Spark流式自定义指标

Question

I'm working on a Spark Streaming program which retrieves a Kafka stream, does very basic transformation on the stream and then inserts the data to a DB (voltdb if it's relevant). 我正在开发一个Spark Streaming程序，它检索Kafka流，对流进行非常基本的转换，然后将数据插入到DB（如果相关则为voltdb）。 I'm trying to measure the rate in which I insert rows to the DB. 我正在尝试测量向DB插入行的速率。 I think metrics can be useful (using JMX). 我认为指标很有用（使用JMX）。 However I can't find how to add custom metrics to Spark. 但是我找不到如何向Spark添加自定义指标。 I've looked at Spark's source code and also found this thread however it doesn't work for me. 我查看了Spark的源代码并找到了这个帖子，但它对我不起作用。 I also enabled the JMX sink in the conf.metrics file. 我还在conf.metrics文件中启用了JMX接收器。 What's not working is I don't see my custom metrics with JConsole. 什么不起作用我没有看到我的自定义指标与JConsole。

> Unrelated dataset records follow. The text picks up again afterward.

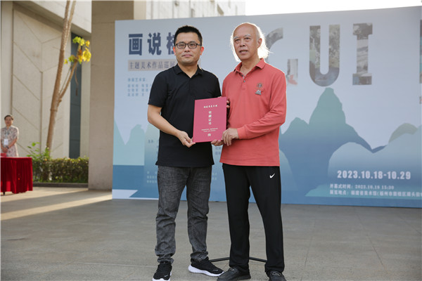 广西漓江画派促进会顾问、广西师范大学美术学院教授肖舜之(右)与福建省美术馆馆长邱志军(左)合影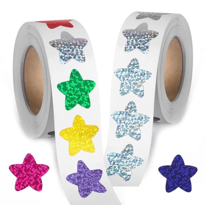 スターステッカー 2巻 1000枚 ごほうびシール 星 シール キラキラシール 封筒シール 大容量 可愛い ステッカー 手帳 飾り 子供 学生 学校用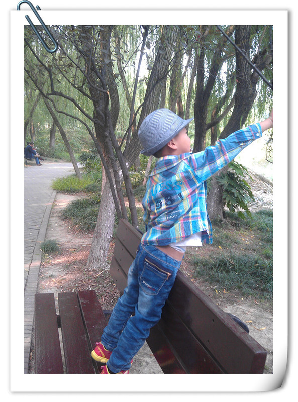 这一次点点外景拍照完全就是来玩的,拍第二套衣服的时候,点点就只知道玩水了,到了河边玩水,那么危险,然后就让他不要去河边,又去爬树了,看来爬树爬上瘾了,然后就是爬椅子,爬上爬下,只能是摄影师抓拍镜头了,总算第二套衣服拍好了,那样就可以拍第三套衣服了。

Could someone explain how to add custom metrics (preferably via JMX) to spark streaming? 有人可以解释如何添加自定义指标（最好通过JMX）来激发流媒体？ Or alternatively how to measure my insertion rate to my DB (specifically VoltDB)? 或者如何测量我的数据库（特别是VoltDB）的插入速率？ I'm using spark with Java 8. 我在Java 8中使用spark。

Answer 1

Ok after digging through the source code I found how to add my own custom metrics. 在挖掘源代码后，我发现如何添加自己的自定义指标。 It requires 3 things: 它需要3件事：

Create my own custom source . 创建我自己的自定义源。 Sort of like this 有点像这样
Enable the Jmx sink in the spark metrics.properties file. 在spark metrics.properties文件中启用Jmx接收器。 The specific line I used is: *.sink.jmx.class=org.apache.spark.metrics.sink.JmxSink which enable JmxSink for all instances 我使用的具体行是： *.sink.jmx.class=org.apache.spark.metrics.sink.JmxSink ，为所有实例启用JmxSink
Register my custom source in the SparkEnv metrics system. 在SparkEnv指标系统中注册我的自定义源。 An example of how to do can be seen here - I actually viewed this link before but missed the registration part which prevented me from actually seeing my custom metrics in the JVisualVM 这里可以看到一个如何操作的例子 - 我之前实际上看过这个链接但错过了注册部分，这使我无法在JVisualVM中实际看到我的自定义指标

I'm still struggling with how to actually count the number of insertions into VoltDB because the code runs on the executors but that's a subject for a different topic :) 我仍在苦苦思索如何实际计算插入VoltDB的次数，因为代码在执行程序上运行，但这是一个不同主题的主题:)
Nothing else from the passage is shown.